EXERCISE GOAL: Your answer should contain only the lines from the top of the data below down through the one with "Белоснежная гостиная Вероника, с", transcribed exactly and without pictures; please include nothing more.

INFORMATION SUPPLIED:
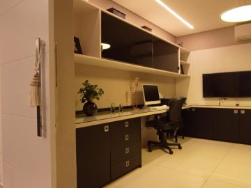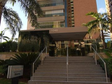 Ambientes planejados com móveis FLORENCE, projeto luminotécnico, piso em mármore Crema Marfil e madeira de lei Jatobá. Possui elevador social privativo, elevador interno de cargas, escritório, cozinha com copa e despensa, 2 lavabos, dormitório de serviço e 6 vagas de garagem com depósito.
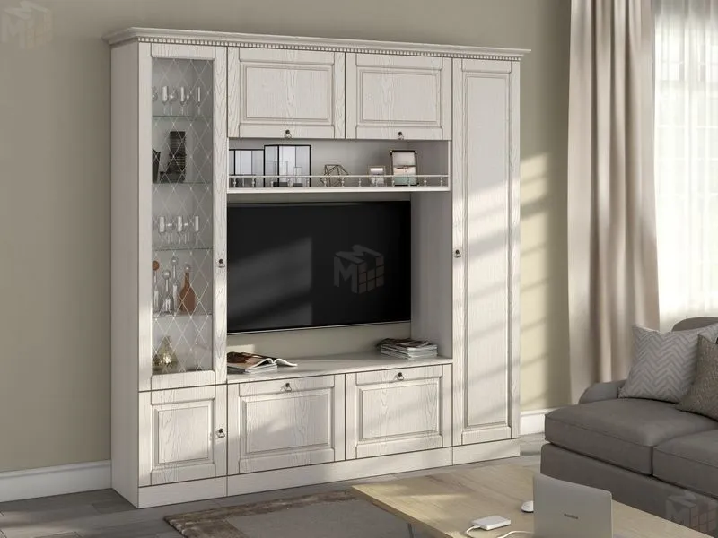 Белоснежная гостиная Вероника, с элегантной патиной, в совершенном классическом стиле, не громоздкая, но вместительная.
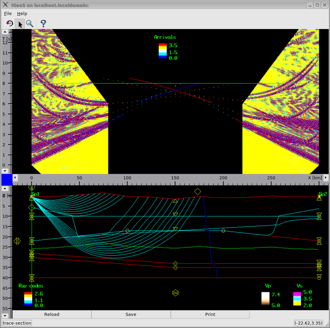 Wide-angle ray tracing. This velocity model is compatible with those used by the popular rayinvr package by Colin Zelt. Vp, Vs, and optionally Q-factor and density models can be displayed in color shading. Zooming and panning, selection of plotting options, colors, and palettes, and travel-time reduction can be varied interactively. The status bar displays any parameters of the model under cursor. In the near future, layer depth and velocity nodes will be modifiable using the mouse.
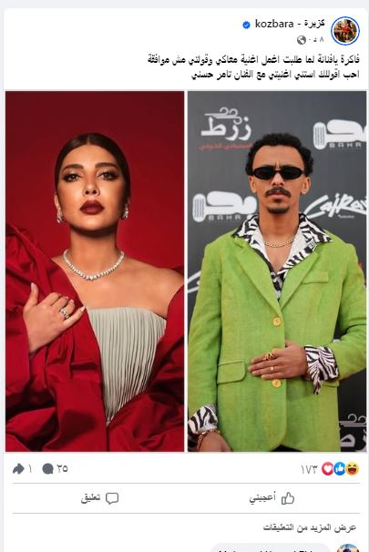كزبرة يوجه رساله طريفة لـ أصالة بعد رفضها الغناء معه (صورة)
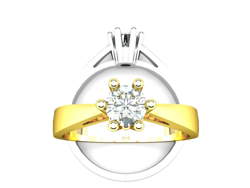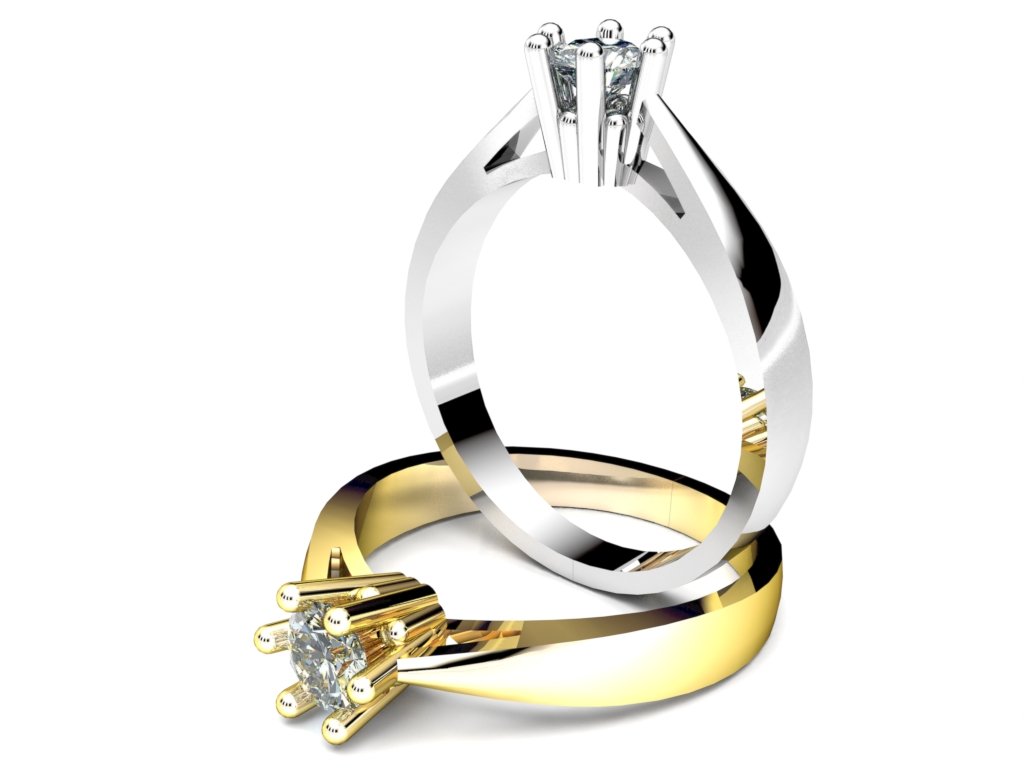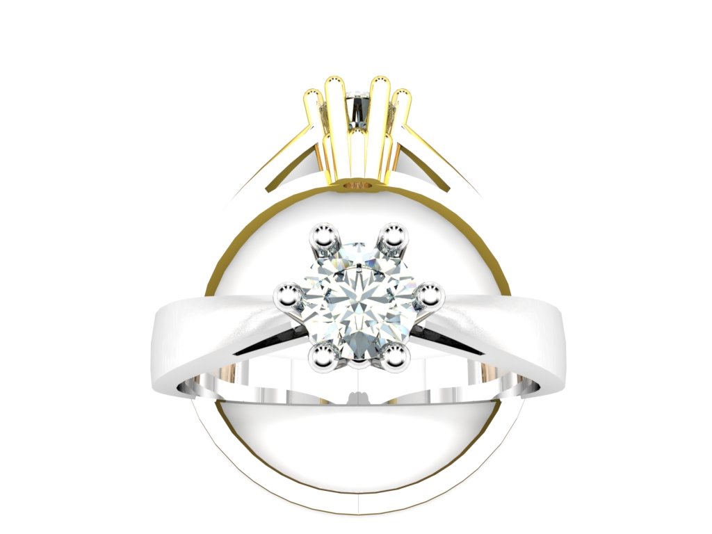 Tento zásnubní prsten "s dělenou šínou a jemnou korunou" je ukázkou jednoduché elegance a nadčasového designu. Šína prstenu se při přiblížení ke korunce jemně rozděluje, čímž vytváří lehkost a moderní vzhled. Centrální kámen je držen šesti dlouhými krapnami, které jsou doplněny šesti menšími krapnami vyplňujícími mezery. Tato jemná korunka podtrhuje třpyt kamene a zvýrazňuje jeho krásu.
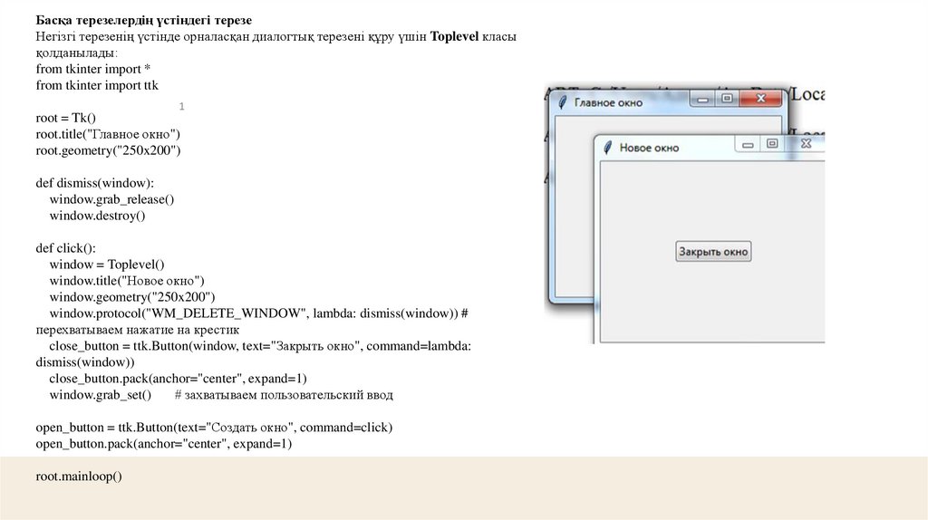 Басқа терезелердің үстіндегі терезеНегізгі терезенің үстінде орналасқан диалогтық терезені құру үшін Toplevel класы
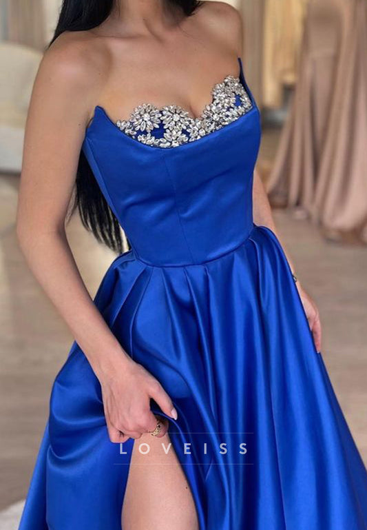 Scoop Strapless Beaded Ruched High Slit Prom Dress
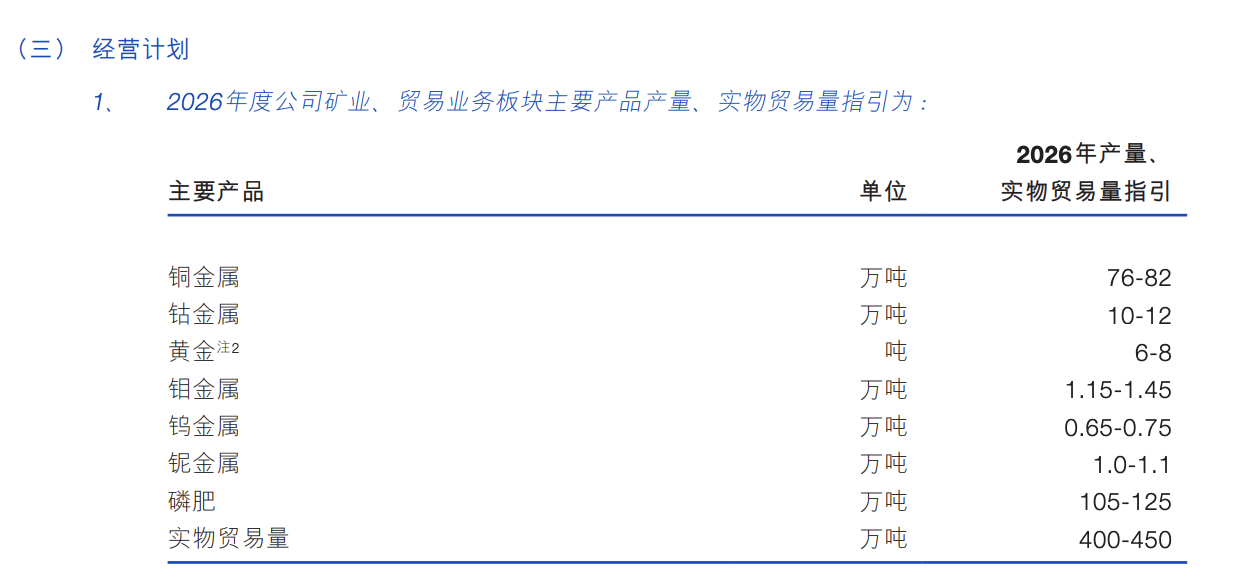 洛阳钼业过去主要生产铜、钴、钼、钨、铌和磷肥,2026年开始生产黄金。
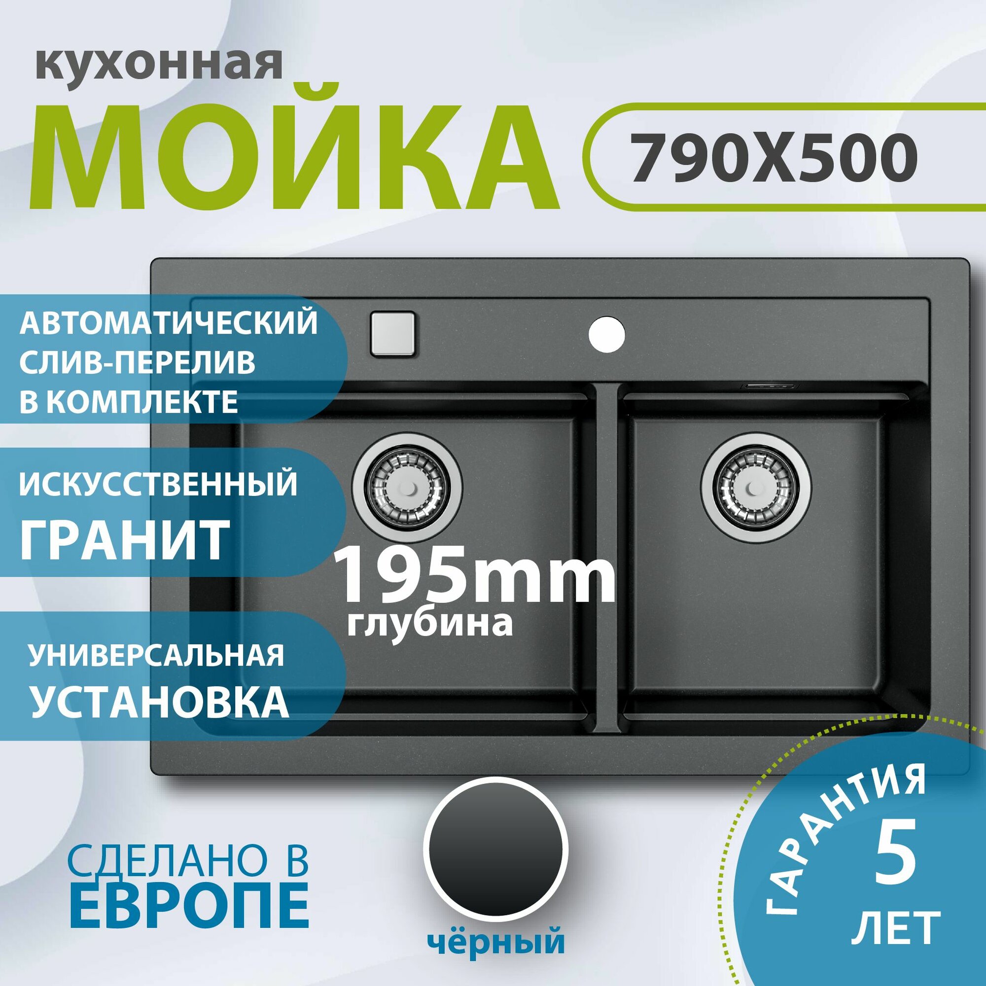 Кухонная мойка Alveus Granital Atrox 50 Carbon-G91 790х500х195 с сифоном, черная (1132002)

EXPECTED ANSWER:
 Ambientes planejados com móveis FLORENCE, projeto luminotécnico, piso em mármore Crema Marfil e madeira de lei Jatobá. Possui elevador social privativo, elevador interno de cargas, escritório, cozinha com copa e despensa, 2 lavabos, dormitório de serviço e 6 vagas de garagem com depósito.
 Белоснежная гостиная Вероника, с элегантной патиной, в совершенном классическом стиле, не громоздкая, но вместительная.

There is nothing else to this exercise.